The problem I was having (am still?) was the USB issue ("Async read stalled, exiting")
About the "Async read stalled, exiting" : it happends from time to time on my Pi (maybe once a week). I just have to reset the USB port to make it work again. I compile usbreset.c (https://gist.github.com/x2q/5124616) and use "usbreset /dev/bus/usb/001/004" (assuming lsusb report the dongle on bus 001 device 004). So sad, the rtl_433 program do not report with an error exit code the "Async read stalled" program. Probably something have to change near https://github.com/merbanan/rtl_433/blob/ed7a743b40c79c95130de8c79dc2175fa3a5cd5b/src/rtl_433.c#L1136 but I do not success to modify the code to exit(42) in case of this error.
Good idea, we should do that, exit with a defined code on different errors. Note though that stall errors can have multiple reasons. We just notice that the receiver does not deliver data anymore. For me (Raspberry Pi 3 Model B, 2x R820T2 rtl-sdr) that happens once a week because the dongle gets confused or when running cpu heavy tasks which might undervoltage the dongle. In my case no USB reset is needed.
exit codes are implemented, LWT discussed in #1547. closing.
I have been dealing with this issue (not with rtl_433) in home assistant. I have settled on publishing to
Then, I set online as an availability topic, so that the temperature goes unavailable when the online topic becomes OFF, or if temperature has not been written for usually 2 * interval + 30s. The payloads are arbitrary, but it's nice if they line up with either binary sensor or availability topic norms within HA. I set up alerts for 'sensor offline' and 'sensor unavailable'.

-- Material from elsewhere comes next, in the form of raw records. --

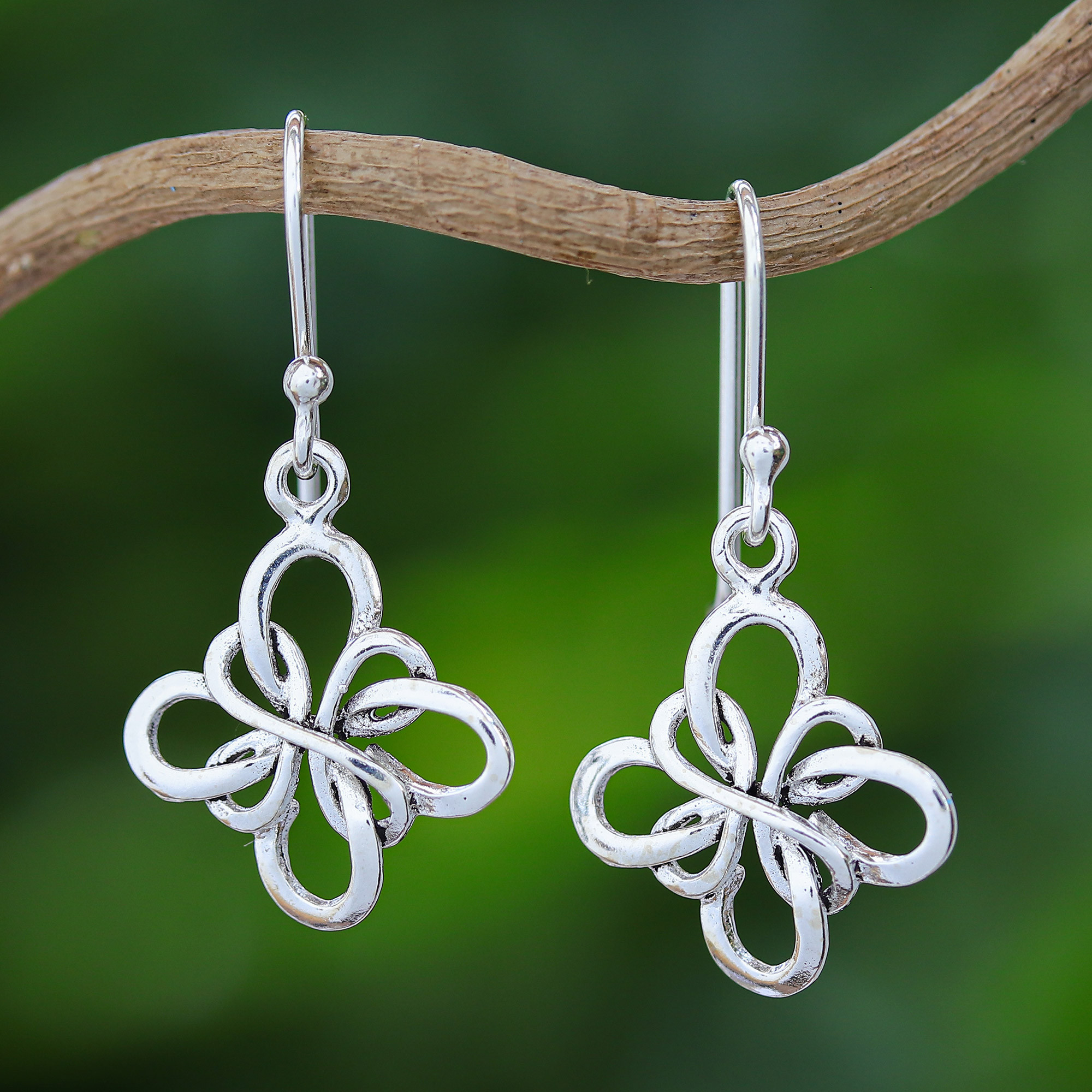 Sterling ribbons intertwine in an endless knot that evokes a flower. From Wadarat Supasirisuk in Thailand, these handcrafted earrings are delightful.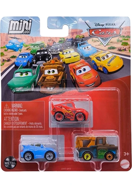Her temalı 3'lü paket, özel bir metal araba ve iki tamamlayıcı karakter aracı içerir.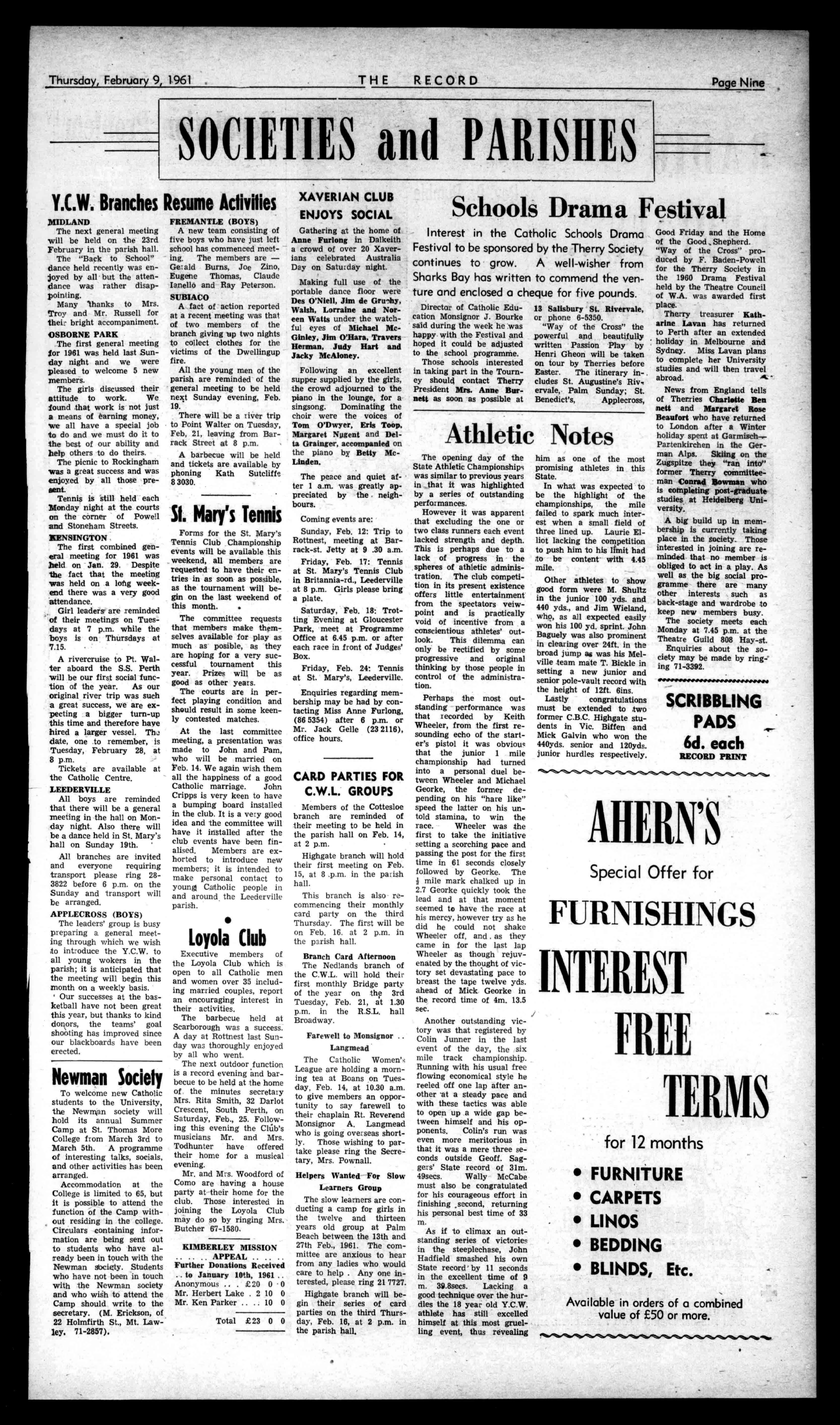 20%REDUCTIONonSupersededRacquets SlazengersChallenge,209'6-Reducedto167/6(Gut) SlazengersGarrick,165- -Reducedto132/6(Gut) SpaldingsGonzales,2096-Reducedto167/6(Gut) SpaldingsGoldMedal165/.-Reducedto132/6(Gut) AlexanderCressy,209'6- Reducedto159/6(Gut) AlexanderTopSpin,185,-Reducedto139/6(Gut) OliverJnr.,79/9 Reducedto63/6(Gut) WIMBLEDONSPORTSDEPOT 14DAVIDJONESARCADE,PERTH (N.D.Keast-J.V.E.Roast Tel.:23-4219. OfficialDepotforW.A.CatholicLawnTennisAssoc. 0000 041I41sts0040111t03011/1114 ST.PAUL'S"C"CLASSHOSPITAL Anewconvalescenthomeforladies,withall ModernConveniences OpeningDate:18thFebruary Cr.DOONGALLAST.&ORMONDRD.,ATTADALE PeacefulSurroundings-RiverViews Enquiries:Ring252314 SISTERV.G.FITZGERALD (040*000 7ua1 AMRIlw1,473 ABSOLUTELYSILENT VENTILATIONPOSITIVE ANDFREE PATENT"S"ROTOR VENTILATORS No1.-t,trkDraught:SeveralSizes-SuppliedcompletewithAdaptorswhere requiredforfittingto "Fibrolite"Upstands. SoleW.A.Agent' IANBONNERUP ROOFandFLOORSERVICE 18-20NorthwoodStreet, WestLeederville. 8-1082-8-1082 SEVENHILLSALTARWINES AsSevenHills'SacramentalWineismadebyJesuits itcomplieswiththerequirementsofChurchLaw. WESTRALWINEandSPIRITAGENCY 167HAYSTREET,SUBIACO.Phone8-1410. SERVICEPRINTINGCO.PTY.LTD. MODERNPACKAGING - CARTONS LABELS-LETTERPRESS-OFFSET 219931 4 ;/7-0 ADSCOTT '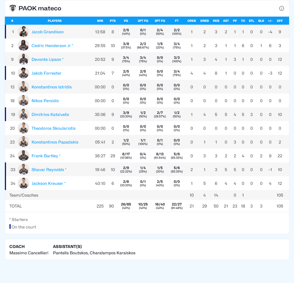 Ξεχώρισαν: Ο Χέντερσον και ο Κρούζερ από τον ΠΑΟΚ είχαν 10 πόντους. Απο την Σολε ξεχώρισαν οι Αγιαγί και Μάλβιν με 17 πόντους έκαστος.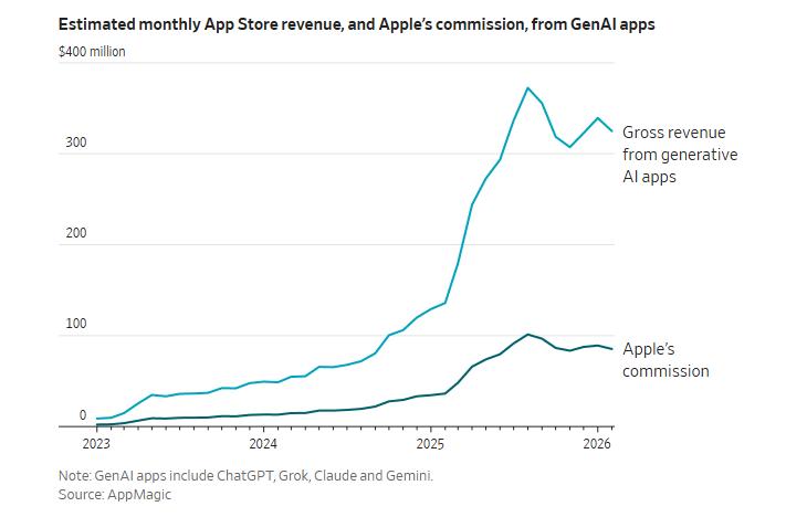 2025年,亚马逊、Alphabet、Meta、微软四家公司在AI基础设施上砸下近7000亿美元,摩根士丹利预测亚马逊的自由现金流将因此转负。同一年,苹果几乎没有在大模型上花什么钱,却从生成式AI应用中收取了近9亿美元佣金。根据分析公司AppMagic的数据,今年这个数字预计突破10亿美元。
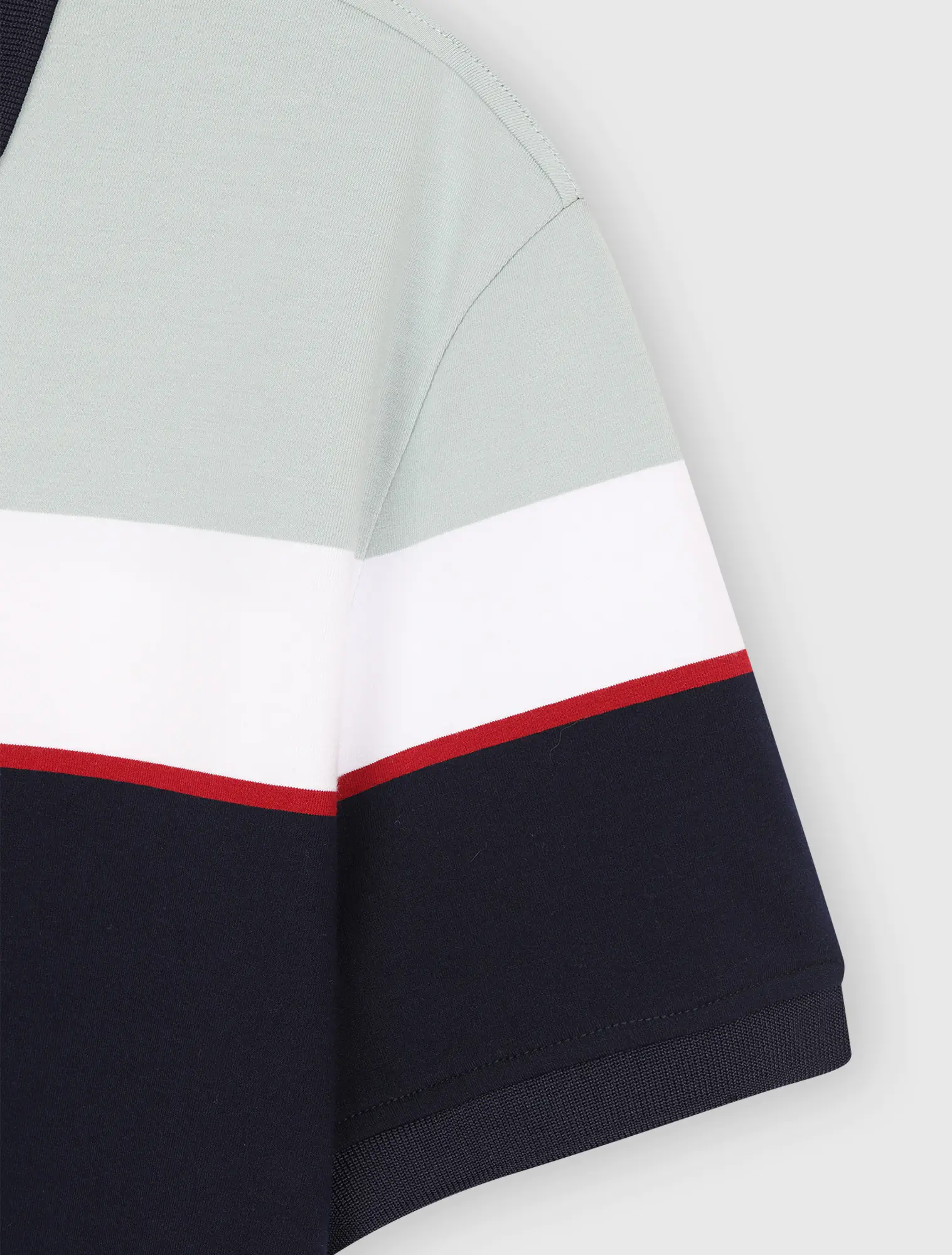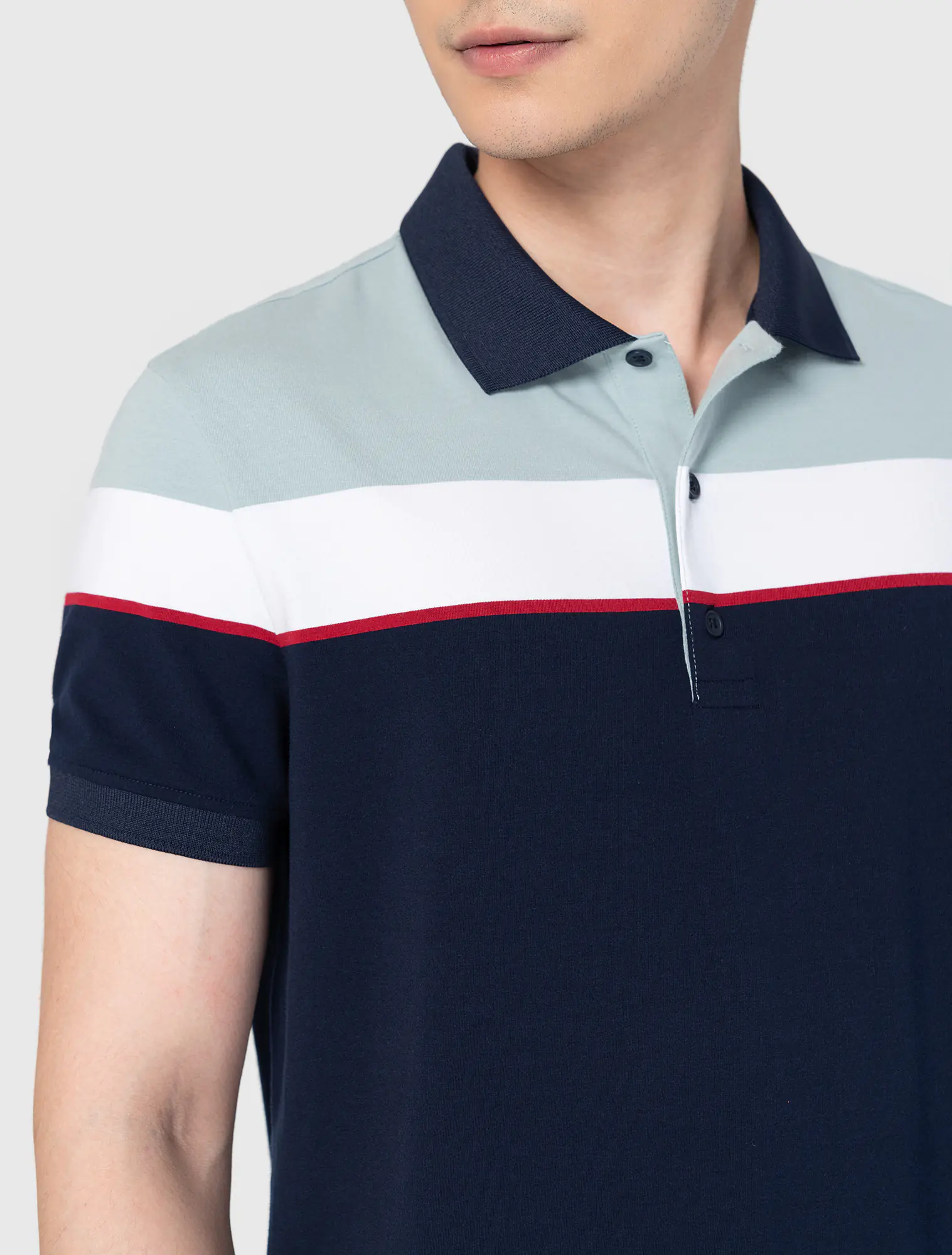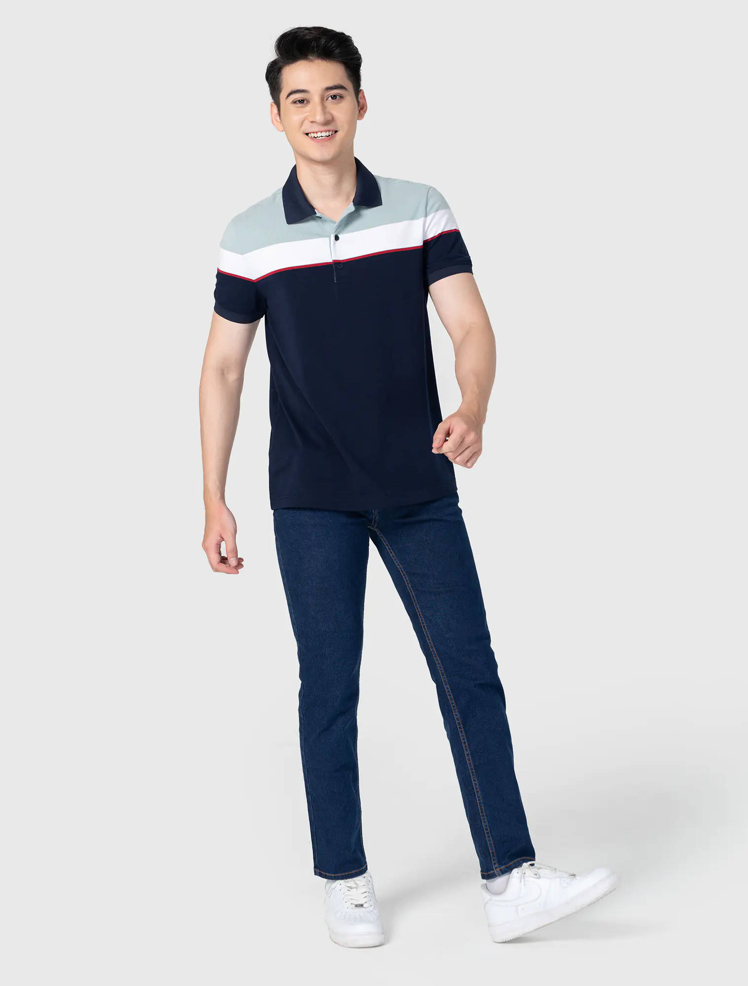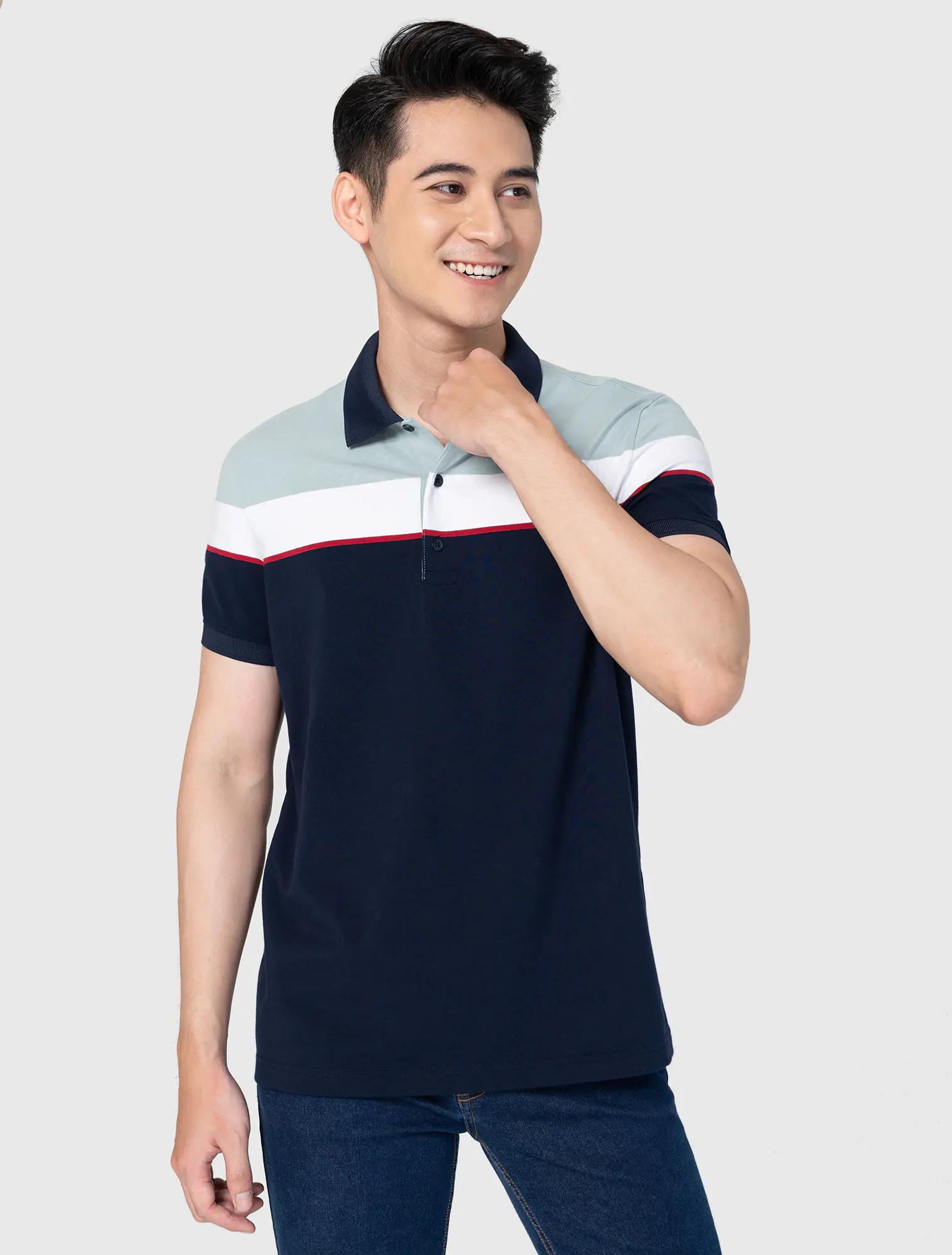 Dáng regular, cổ bẻ, tay cộc, phối màu

I do wonder how much of this should be in rtl_433, vs the mqtt relay script. But it's nice to know if rtl_433 crashes, which the current UDP-to-script would not notice. Overall I think this situation could benefit from a step back and systems design thinking; the world is complicated.
Add support for sending Birth and LWT messages. This would make it trivial to know when a rtl_433 is running or has gone offline.